On sait peut-être quel a été le dénoûment rapide de ce prologue du canal de Nicaragua. Trois mois après, le 1er mai 1858, les deux présidens de Nicaragua et de Costa-Rica signaient la convention internationale de Rivas, et le retentissement obtenu par ce traité donnait la mesure de l'importance des intérêts politiques et économiques qui s'y rattachaient. Bien des événemens ont depuis changé les conditions matérielles de l'entreprise. On ne, traverse pas impunément une époque aussi troublée que la nôtre. Il en est résulté des mécomptes, une situation incertaine, des appréciations erronées, des obstacles de toute nature, et par suite un temps d'arrêt dans l'opération industrielle. Il ne m'appartient pas de prévoir aujourd'hui l'issue définitive de ces complications. Une année encore nous sépare des délais fixés pour les premiers travaux par les législatures centro-américaines, et il suffirait peut-être d'une volonté intelligente pour amener une soudaine réalisation. La question, dans tous les cas, a besoin d'être mieux comprise dans son ensemble et mieux connue dans ses détails qu'elle ne l'a été jusqu'ici, un peu par la faute de celui même qui s'était donné pour tâche d'en préparer la solution. Le récit qui va suivre a surtout pour objet de combler ces lacunes. Dieu veuille que l'exposé sincère des vues qui m'ont inspiré et des circonstances dont j'ai dû tenir compte dissipe des malentendus regrettables et détermine chez quelques-uns un retour de justice!
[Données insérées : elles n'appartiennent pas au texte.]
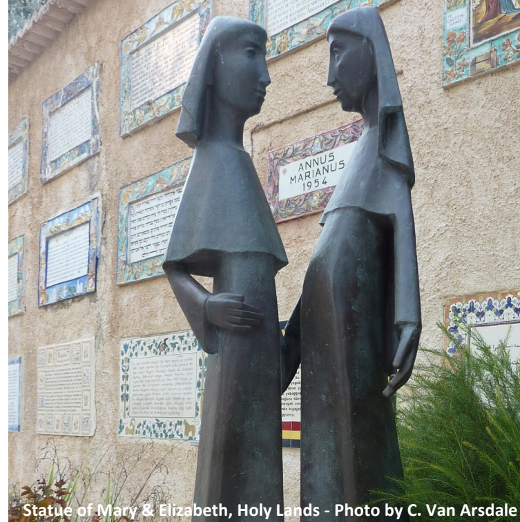
Statue of Mary & Elizabeth, Holy Lands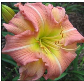
EIGHT DAYS A WEEK 30",Dip,7",SEv,ML,Db,Re SAYERS 2004 DISPLAY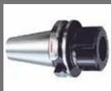
Collet Holders With BT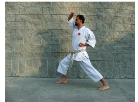
Agheuke in zenkutsudachi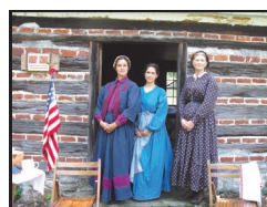
Falmouth Historic District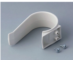
A9167027 Holding clamp PA 6 (UL 94 HB) off-white RAL 9002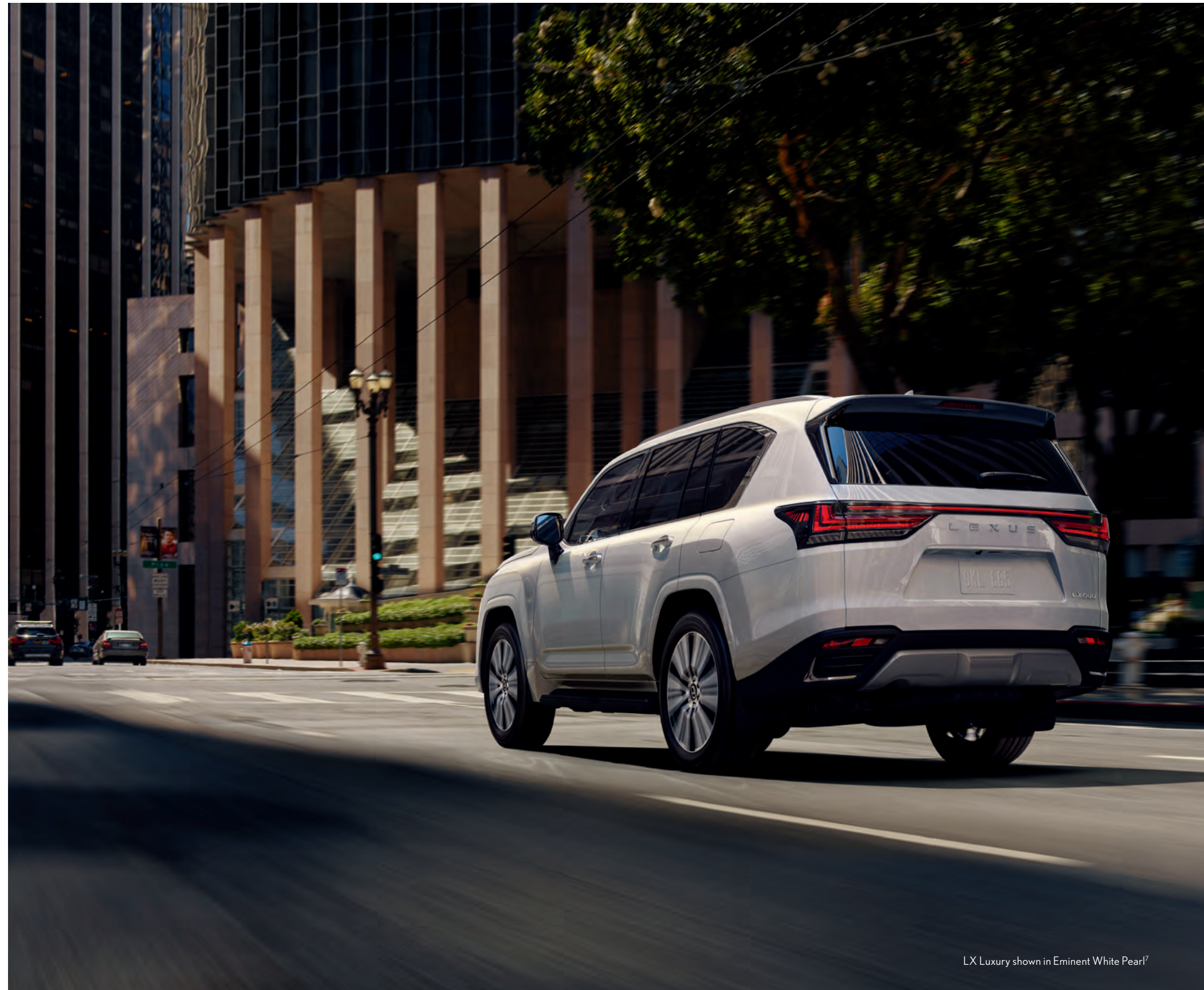
LX Luxury shown in Eminent White Pearl 1

J'étais donc installé à bord de l'Atrato, beau navire de 800 chevaux, le meilleur marcheur, disait-on, de la malle royale des Antilles. Avec sa carène de fer, jaugeant plus de 3,000 tonneaux, d'une allure effilée et dansante, il devait atteindre rapidement la zone des vents alizés et nous conduire en treize jours à la petite île de Saint-Thomas. Tout nous présageait ainsi une traversée favorable; mais nous avions trop compté sur la température adoucie qui régnait alors à Paris et dans tout le nord de l'Europe. Dès la première nuit, et en vue encore des phares d'Angleterre, le vent sauta au sud c'était le signal d'un changement complet dans l'état du ciel et de la mer. Les passagers durent s'enfermer dans leur cabine et se résigner aux souffrances, aux inquiétudes des navigations laborieuses. Les vagues déferlaient quelquefois avec tant de violence, qu'une nuit elles emportèrent une des grandes chaloupes du navire en brisant comme une paille, au ras des bastingages, les deux arcsboutans de fer forgé qui la supportaient. Cette situation durait depuis cinq ou six jours, quand un soir, à dix heures, on signala à l'est, aussi loin que le regard pouvait porter, un feu intermittent

:

qui devait appartenir à l'île portugaise de San-Miguel. Nous nous trouvions, malgré le vent debout et les courans contraires, au milieu de ce groupe fameux des Açores, qui sert de sentinelle avancée aux grands parallèles. Le temps néanmoins était toujours frais et orageux ce ne fut même qu'en approchant de Saint-Thomas que nous sentîmes le contact généreux des effluves tropicales; mais le flot se calmait peu à peu, le thermomètre montait par soubresauts, et déjà les brumes du nord s'effaçaient par éclaircies devant de soudaines inondations de lumière.

L'Atrato, dont le nom est emprunté à une rivière de la NouvelleGrenade, avait d'abord filé de onze à douze nœuds à l'heure. Quand nous approchâmes des chauds horizons, sa marche devint plus rapide, et dépassa même quinze milles. C'était alors une des principales distractions de la journée d'aller lire, dans un cadre accroché près de la chambre du capitaine, toutes les indications qui nous intéressaient la distance franchie depuis la veille, la vitesse moyenne du navire, le point qui venait d'être relevé, et le nombre de milles à parcourir encore jusqu'à Saint-Thomas ou plutôt jusqu'à Sombrero. On suivait ainsi jour par jour le développement de la diagonale presque mathématique qui nous menait aux Antilles du nord-est au sud-ouest, et qui devait couper le tropique du Cancer en biseau par le 58° degré de longitude occidentale (1).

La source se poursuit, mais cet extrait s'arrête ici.